Добавить в цитаты Настройки чтения

Страница 1 из 15



Стражи последнего неба

русская еврейская фантастика

Составитель Даниэль Клугер

От издательства

После выхода в свет сборника американской еврейской фантастики «Дибук с Мазлтов-IV» мы решили, что естественным продолжением его должен стать выход такого же сборника русской еврейской фантастики. Оказалось, что составить его гораздо труднее. По нескольким причинам. Во-первых, в фантастике советской тема практически отсутствовала. Мало того: неофициально считалась крамольной — и не только собственно еврейская, но и формально близкие к ней. Например, за роман «Ур, сын Шама» классики советской фантастики Е. Войскунский и И. Лукодьянов были обвинены в «сионизме», в том смысле, который придавали этому определению советские цензоры, сочтя появляющихся в романе древних шумеров завуалированными евреями. Понятно, что в такой обстановке в советской литературе не могло появиться ничего, подобного «еврейским» рассказам Уильяма Тенна или Роберта Силверберга. Во-вторых, еврейская культурная традиция в советское время была прервана, и то, что для американских писателей-евреев становилось данью семейным традициям, знакомству с идишской литературой, еврейской историей, наконец, с библейскими сюжетами, у советских писателей отсутствовало почти полностью.

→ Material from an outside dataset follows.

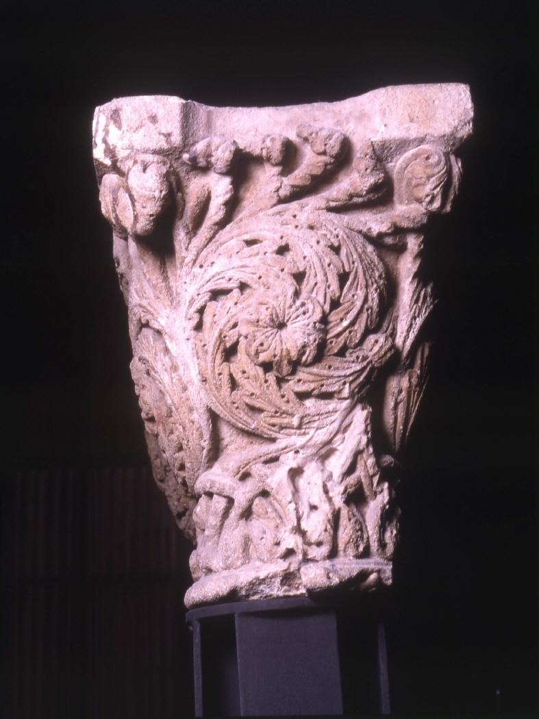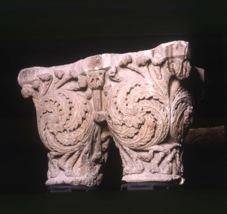 Este capitel doble está decorado por seis hojas de acanto que giran formando un molinillo y, en el centro, llevan una flor de varios pétalos. Recuerda a los modelos vistos en varias iglesias de la zona, como la iglesia de la Asunción de Perazancas de Ojeda, la ermita de Santa Cecilia de Vallespinoso de Aguilar o la iglesia de San Lorenzo de Zorita del Páramo, lo que pone de relieve el papel del monasterio de Santa María la Real como generador de modelos iconográficos que serían transmitidos a canteros locales —probablemente formados aquí— y posteriormente aplicados en los templos de la comarca.

Лишь изредка появлялись тщательно скрытые, но все-таки угадываемые отсылы к Холокосту (М. Емцев и Е. Парнов «Оружие твоих глаз», С. Гансовский «Демон истории», Т. Гнедина «Беглец с чужим временем»), к библейским временам (Л. Обухова «Лилит» или И. Варшавский «Петля гистерезиса») и совсем уже редко — к «безродно-космополитской» кампании (М. Емцев и Е. Парнов «Море Дирака»).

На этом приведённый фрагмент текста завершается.